Traditional architectural designs are normally focused on CPUs and have been often decoupled from I/O considerations. They are inefficient for high-speed network processing with a bandwidth of 10Gbps and beyond. Long latency I/O interconnects on mainstream servers also substantially complicate the NIC designs. In this paper, we start with fine-grained driver and OS instrumentation to fully understand the network processing overhead over 10GbE on mainstream servers.
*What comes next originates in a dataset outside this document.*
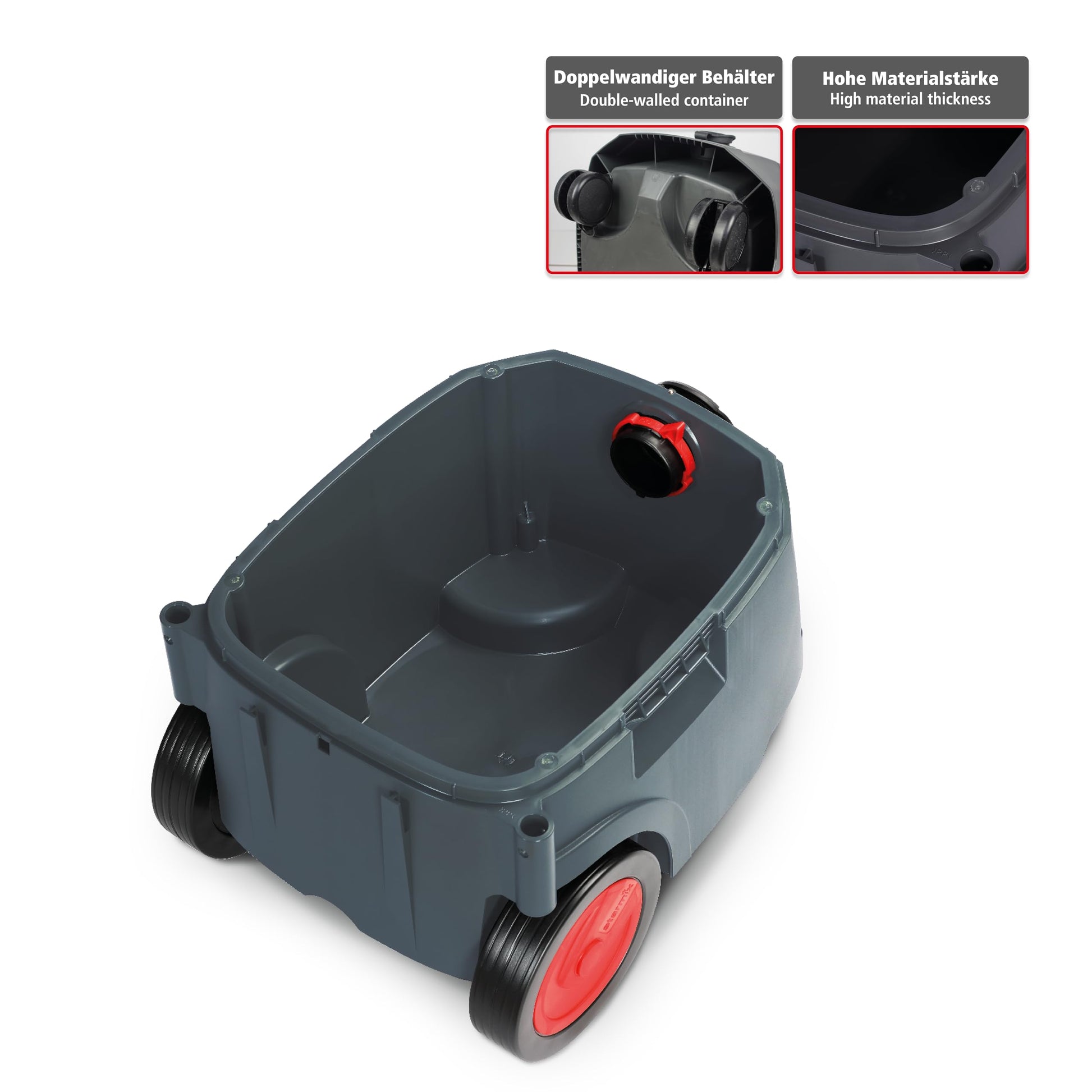 Der Sauger verfügt über einen extrem robusten, doppelwandigen Behälter, der auch starken Belastungen und sogar einem Sturz aus geringer Höhe standhält. Der leistungsstarke Motor erzeugt einen enormen Unterdruck und einen hohen Luftstrom, ideal für das mühelose Aufsaugen von schweren Partikeln oder Flüssigkeiten.

We obtain several new findings: 1) besides data copy identified by previous works, the driver and buffer release are two unexpected major overheads (up to 54%); 2) the major source of the overheads is memory stalls and data relating to socket buffer (SKB) and page data structures are mainly responsible for the stalls; 3) prevailing platform optimizations like Direct Cache Access (DCA) are insufficient for addressing the network processing bottlenecks. Motivated by the studies, we propose a new server I/O architecture where DMA descriptor management is shifted from NICs to an on-chip network engine (NEngine), and descriptors are extended with information about data incurring memory stalls. NEngine relies on data lookups and preloads data to eliminate the stalls during network processing. Moreover, NEngine implements efficient packet movement inside caches to address the remaining issues in data copy. The new architecture allows DMA engine to have very fast access to descriptors and keeps packets in CPU caches instead of NIC buffers, significantly simplifying NICs. Experimental results demonstrate that the new server I/O architecture improves the network processing efficiency by 47% and web server throughput by 14%, while substantially reducing the NIC hardware complexity.

查看原文本刊更多论文

一种用于高速网络的新型服务器I/O架构

传统的体系结构设计通常关注cpu，并且经常与I/O考虑分离。对于带宽超过10Gbps的高速网络处理来说，它们的效率很低。主流服务器上的长延迟I/O互连也使NIC设计变得非常复杂。在本文中，我们从细粒度的驱动程序和操作系统检测开始，以充分理解主流服务器上超过10GbE的网络处理开销。我们得到了几个新的发现:1)除了以前的工作确定的数据拷贝之外，驱动器和缓冲区释放是两个意想不到的主要开销(高达54%);2)开销的主要来源是内存停顿，而与套接字缓冲区(SKB)和页面数据结构相关的数据是造成停顿的主要原因;3)像直接缓存访问(DCA)这样的主流平台优化不足以解决网络处理瓶颈。受这些研究的启发，我们提出了一种新的服务器I/O架构，其中DMA描述符管理从nic转移到片上网络引擎(NEngine)，并且描述符扩展了有关导致内存停滞的数据的信息。NEngine依靠数据查找和预加载数据来消除网络处理期间的停顿。此外，NEngine在缓存中实现了高效的数据包移动，以解决数据复制中的剩余问题。新的架构允许DMA引擎非常快速地访问描述符，并将数据包保存在CPU缓存中而不是NIC缓冲区中，从而大大简化了NIC。实验结果表明，新的服务器I/O架构提高了47%的网络处理效率和14%的web服务器吞吐量，同时大大降低了网卡硬件复杂性。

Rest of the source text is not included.